*SOURCE MATERIAL:*
■ ■ ■ ■ ■ ■ ■
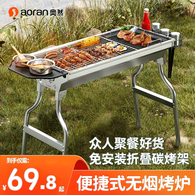 Aoran烧烤炉户外烧烤架木炭烧烤家用碳烤炉便捷不锈钢烧烤炉子 大号:烤网+三件套
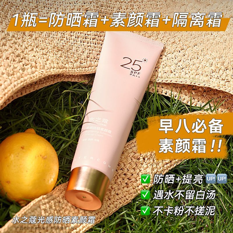 水之蔻防晒霜素颜霜脸部女生必备光感水润裸妆身体素颜霜防晒霜
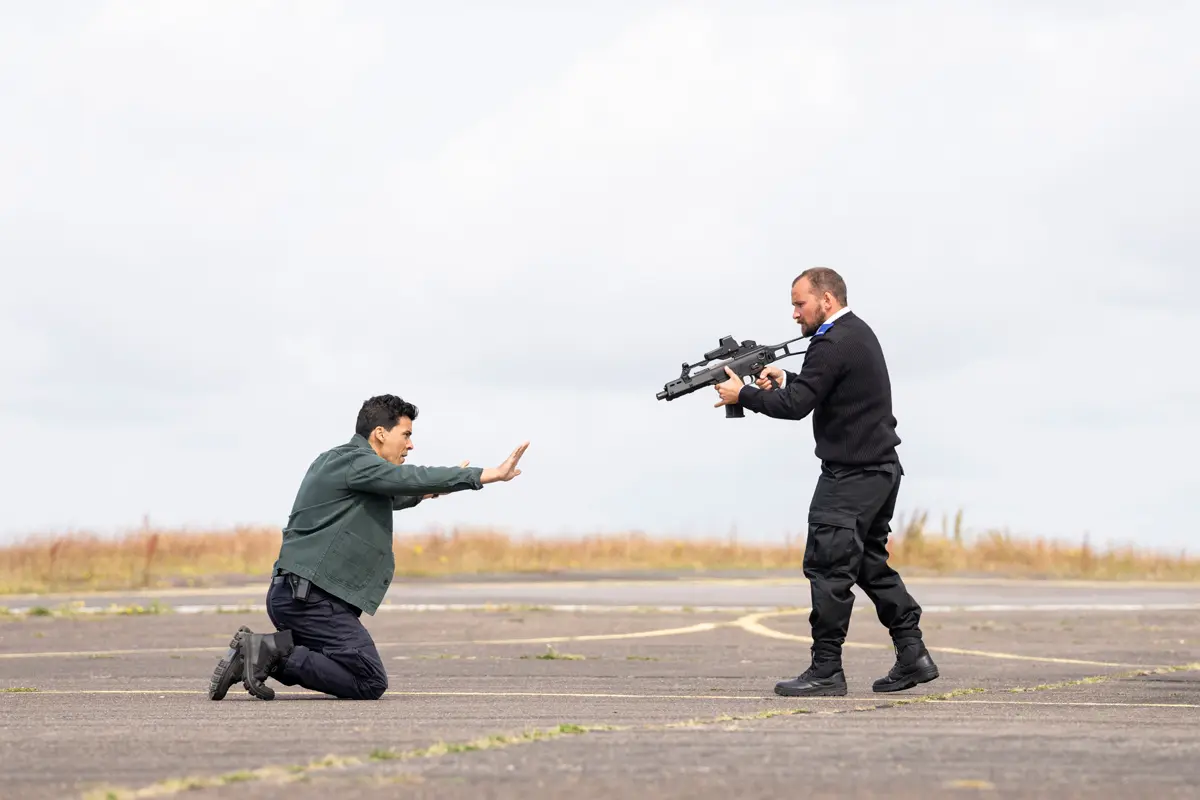 El segundo episodio es diferente, es una especie de película de acción tensa con un francotirador suelto en París. En cuanto al cuarto episodio, éste estuvo diseñado para que pareciera un western en un aeródromo remoto. Eso es lo que se mantuvo durante todo el proceso. Eso es lo que tenía en mi cabeza para asegurarme de que cada capítulo entregara cierta clase personajes y mucha acción, pero también tuviera una su selo distintivo.
■ ■ ■ ■ ■ ■ ■
*ACTIVITY:* Give back each line above exactly, with pictures dropped.

*PROBLEM SOLUTION:*
 Aoran烧烤炉户外烧烤架木炭烧烤家用碳烤炉便捷不锈钢烧烤炉子 大号:烤网+三件套
 水之蔻防晒霜素颜霜脸部女生必备光感水润裸妆身体素颜霜防晒霜
 El segundo episodio es diferente, es una especie de película de acción tensa con un francotirador suelto en París. En cuanto al cuarto episodio, éste estuvo diseñado para que pareciera un western en un aeródromo remoto. Eso es lo que se mantuvo durante todo el proceso. Eso es lo que tenía en mi cabeza para asegurarme de que cada capítulo entregara cierta clase personajes y mucha acción, pero también tuviera una su selo distintivo.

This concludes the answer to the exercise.